20.4 There MUST BE a LOGICAL vector on both sides of the & (and also the | see below)

# Refer to the final answer to the question above.
students [  test1 >= 85  &  test2 >= 85       ]   # CORRECT ANSWER
[1] "carla" "ed"   
#,,,,,,,,,,,,,,,,,,,,,,,,,,,,,,,,,,,,,,,,,,,,,,,,,,,,,,,,,,,,,,,,,,,,,,,,,,,,,,
# WARNING
#
# You must have an expression that results in a LOGICAL vector on both
# sides of the &. In the code below, test1 is NOT a logical vector but it
# appears on the left side of the &. This is WRONG.
#
#       # WRONG!
#       # students [ test1 & test2 >= 85 ]    # WRONG WRONG WRONG !!! DONT DO THIS !!!
#
# The right hand side of the & is OK - it is test2>=85 which is a logical vector.
# The correct way to write this code is as was done above:
# 
#       students [  test1 >= 85  &  test2 >= 85       ]   # CORRECT ANSWER
#,,,,,,,,,,,,,,,,,,,,,,,,,,,,,,,,,,,,,,,,,,,,,,,,,,,,,,,,,,,,,,,,,,,,,,,,,,,,,,


# CORRECT ANSWER (already shown above)
students[ test1 >= 85 & test2 >= 85 ]
[1] "carla" "ed"   
# WRONG ANSWER _ DONT DO THIS !!!
students [ test1 & test2 >= 85 ]    # WRONG WRONG WRONG !!! DONT DO THIS !!!
[1] "carla" "dana"  "ed"   
#   original;           students [  test1 & test2 >= 85 ]    # WRONG WRONG WRONG !!! DONT DO THIS !!!
#   replace values:     students [   c(90,    88,   87,     84,    92) & c(70,    80,   90,     94,    100) >= c(85,85,85,85,85)]    # WRONG WRONG WRONG !!! DONT DO THIS !!!
#  >=                   students [   c(90,    88,   87,     84,    92) & c(70>=85,80>=85, 90>=85, 94>=85,100>=85)]  
#                       students [   c(90,    88,   87,     84,    92) & c(FALSE,FALSE,TRUE,TRUE,TRUE)]  
# convert #rs to logicals: students [   c(TRUE,TRUE,TRUE,TRUE,TRUE) & c(FALSE,FALSE,TRUE,TRUE,TRUE)]  
#                          students [   c(FALSE,FALSE,TRUE,TRUE,TRUE) ] 
#                          "carla" "dana" "ed"

20.5 –PRACTICE–

#----------------------------------------------------------------------------.
# QUESTIONS
#
# Answer the questions below using the following data.
# test1, test2 and students are parallel vectors.
# Your answers must work even if the actual numbers and names were different.
#----------------------------------------------------------------------------.

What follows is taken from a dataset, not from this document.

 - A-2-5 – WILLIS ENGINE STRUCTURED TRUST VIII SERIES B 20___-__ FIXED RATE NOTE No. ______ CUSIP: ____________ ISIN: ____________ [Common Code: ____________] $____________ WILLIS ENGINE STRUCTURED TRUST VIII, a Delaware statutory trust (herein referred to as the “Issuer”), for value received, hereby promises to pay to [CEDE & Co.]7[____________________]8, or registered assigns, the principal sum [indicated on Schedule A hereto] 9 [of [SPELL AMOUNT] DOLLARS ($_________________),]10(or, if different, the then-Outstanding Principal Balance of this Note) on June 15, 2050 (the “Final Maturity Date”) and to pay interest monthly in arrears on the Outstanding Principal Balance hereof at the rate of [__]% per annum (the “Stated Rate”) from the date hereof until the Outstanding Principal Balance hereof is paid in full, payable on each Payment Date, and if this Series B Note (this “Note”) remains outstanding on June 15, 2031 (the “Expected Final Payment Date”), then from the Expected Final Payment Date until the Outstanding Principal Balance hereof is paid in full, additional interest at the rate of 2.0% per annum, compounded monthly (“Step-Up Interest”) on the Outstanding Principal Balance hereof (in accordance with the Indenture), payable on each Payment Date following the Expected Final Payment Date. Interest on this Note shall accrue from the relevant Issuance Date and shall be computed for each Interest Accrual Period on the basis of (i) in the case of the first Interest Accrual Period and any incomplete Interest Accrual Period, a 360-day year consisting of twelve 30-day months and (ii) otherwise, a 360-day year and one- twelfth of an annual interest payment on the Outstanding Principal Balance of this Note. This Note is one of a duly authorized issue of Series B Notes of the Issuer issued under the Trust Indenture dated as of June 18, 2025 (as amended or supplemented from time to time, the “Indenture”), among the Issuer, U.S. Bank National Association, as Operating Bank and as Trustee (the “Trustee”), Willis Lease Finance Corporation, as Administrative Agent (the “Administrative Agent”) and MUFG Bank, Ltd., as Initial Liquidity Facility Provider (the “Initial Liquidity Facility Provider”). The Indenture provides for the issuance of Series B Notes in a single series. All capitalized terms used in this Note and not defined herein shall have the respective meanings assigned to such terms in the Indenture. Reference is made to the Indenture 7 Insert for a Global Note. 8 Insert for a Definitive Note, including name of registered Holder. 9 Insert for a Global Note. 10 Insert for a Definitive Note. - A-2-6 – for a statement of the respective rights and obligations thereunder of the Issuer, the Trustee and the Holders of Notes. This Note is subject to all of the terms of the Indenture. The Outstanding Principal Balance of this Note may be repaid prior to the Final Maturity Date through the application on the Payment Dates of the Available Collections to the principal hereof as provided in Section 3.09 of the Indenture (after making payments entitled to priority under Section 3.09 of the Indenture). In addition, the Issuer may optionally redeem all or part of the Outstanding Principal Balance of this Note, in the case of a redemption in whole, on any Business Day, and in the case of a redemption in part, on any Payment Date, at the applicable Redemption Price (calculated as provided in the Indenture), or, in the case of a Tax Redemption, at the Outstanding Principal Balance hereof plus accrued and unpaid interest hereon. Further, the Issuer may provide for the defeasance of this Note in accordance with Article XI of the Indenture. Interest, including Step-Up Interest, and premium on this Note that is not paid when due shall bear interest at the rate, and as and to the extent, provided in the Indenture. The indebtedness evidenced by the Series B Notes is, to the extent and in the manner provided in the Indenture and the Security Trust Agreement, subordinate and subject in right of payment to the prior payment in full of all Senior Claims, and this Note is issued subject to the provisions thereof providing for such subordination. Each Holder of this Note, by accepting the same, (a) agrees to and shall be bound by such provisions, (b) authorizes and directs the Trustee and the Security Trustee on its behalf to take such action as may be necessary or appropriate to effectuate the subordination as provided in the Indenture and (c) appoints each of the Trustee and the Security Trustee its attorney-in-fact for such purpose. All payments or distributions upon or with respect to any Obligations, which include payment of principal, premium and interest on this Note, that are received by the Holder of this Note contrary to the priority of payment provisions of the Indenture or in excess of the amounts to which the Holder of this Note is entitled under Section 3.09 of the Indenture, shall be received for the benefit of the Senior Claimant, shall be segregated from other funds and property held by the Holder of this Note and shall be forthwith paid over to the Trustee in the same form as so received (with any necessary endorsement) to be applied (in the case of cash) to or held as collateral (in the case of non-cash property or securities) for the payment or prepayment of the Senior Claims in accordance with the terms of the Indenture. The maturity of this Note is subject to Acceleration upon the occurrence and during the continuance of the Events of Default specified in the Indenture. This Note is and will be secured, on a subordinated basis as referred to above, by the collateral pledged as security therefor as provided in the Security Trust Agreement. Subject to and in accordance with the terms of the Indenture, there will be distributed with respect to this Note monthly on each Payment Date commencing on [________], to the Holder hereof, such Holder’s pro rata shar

test1   =  c(90,    88,   87,     84,    92)
test2   =  c(70,    80,   90,     94,    100)
students = c("abe","bob","carla","dana","ed")
# QUESTION - Write a command to show the names of the students
# who got in the 80's on test1.
students [ test1 >= 80 & test1 < 90 ]
[1] "bob"   "carla" "dana" 
# QUESTION - Write a command to show the names of the students
# who got in the 80's on test2.
students [ test2 >= 80 & test2 < 90 ]
[1] "bob"
# QUESTION - Write a command to show the names of the students
# who got in the 80's on both test1 and on test2.
students [ (test1 >= 80 & test1 < 90) & (test2 >= 80 & test2 < 90)]
[1] "bob"
# The following also works since it doesn't matter in this case 
# which & happens first.
students [ test1 >= 80 & test1 < 90 & test2 >= 80 & test2 < 90]
[1] "bob"
students [ test1 >= 80 & (test1 < 90 & test2 >= 80) & test2 < 90]
[1] "bob"

20.6 The | operator      (NOTE: | is pronouced “or”)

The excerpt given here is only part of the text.